- **WHAT IS EXPECTED**: Set out exactly, line by line, the stretch of data below that begins at the line containing "環(huán)城公司順利實(shí)現(xiàn)春和仁" and ends at the line containing "- ВИН: 3N1AB7AP6JY******", with both ends kept.

- **EXCERPTED RECORDS**:
┌────────
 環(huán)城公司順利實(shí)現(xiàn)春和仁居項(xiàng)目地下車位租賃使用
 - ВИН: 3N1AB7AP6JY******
└────────
┌────────
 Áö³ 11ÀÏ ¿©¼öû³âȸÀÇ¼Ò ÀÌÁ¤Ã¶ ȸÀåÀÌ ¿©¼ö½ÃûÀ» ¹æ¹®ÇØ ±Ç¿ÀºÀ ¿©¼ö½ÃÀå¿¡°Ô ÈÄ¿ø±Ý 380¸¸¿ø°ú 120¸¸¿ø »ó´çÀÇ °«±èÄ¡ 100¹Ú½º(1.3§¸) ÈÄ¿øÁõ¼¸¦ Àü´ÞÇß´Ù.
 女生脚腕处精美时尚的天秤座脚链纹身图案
└────────
┌────────
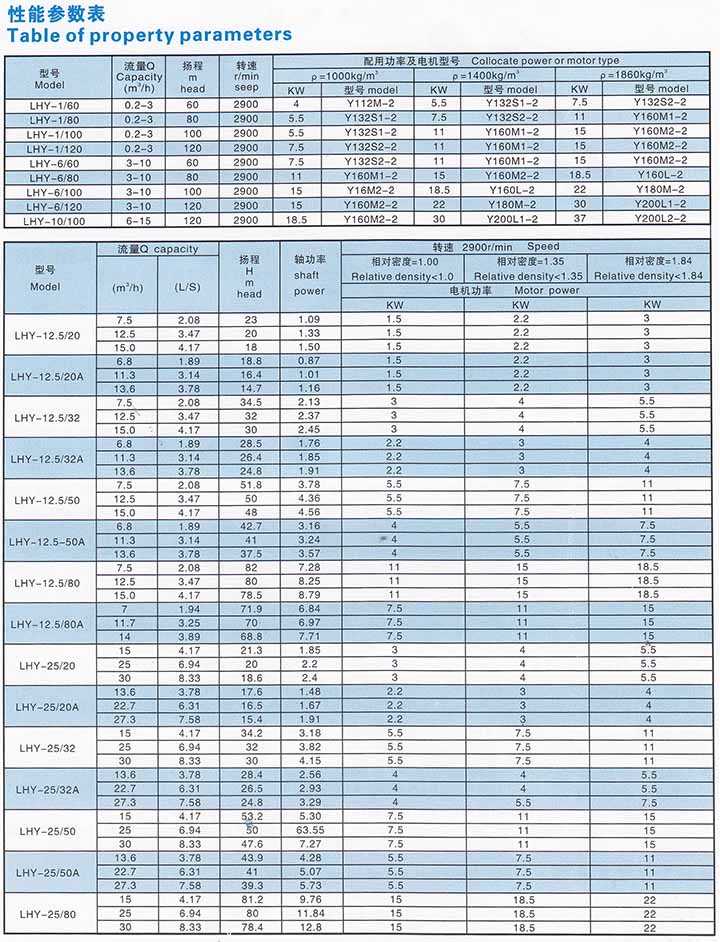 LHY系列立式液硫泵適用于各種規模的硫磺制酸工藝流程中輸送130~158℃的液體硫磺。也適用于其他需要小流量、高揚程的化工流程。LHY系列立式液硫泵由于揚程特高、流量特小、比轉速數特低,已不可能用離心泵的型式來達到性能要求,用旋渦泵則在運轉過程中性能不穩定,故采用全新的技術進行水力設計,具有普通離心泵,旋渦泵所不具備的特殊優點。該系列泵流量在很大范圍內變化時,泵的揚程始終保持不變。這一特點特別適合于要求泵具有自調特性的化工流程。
└────────
- **WRITTEN RESPONSE**:
 環(huán)城公司順利實(shí)現(xiàn)春和仁居項(xiàng)目地下車位租賃使用
 - ВИН: 3N1AB7AP6JY******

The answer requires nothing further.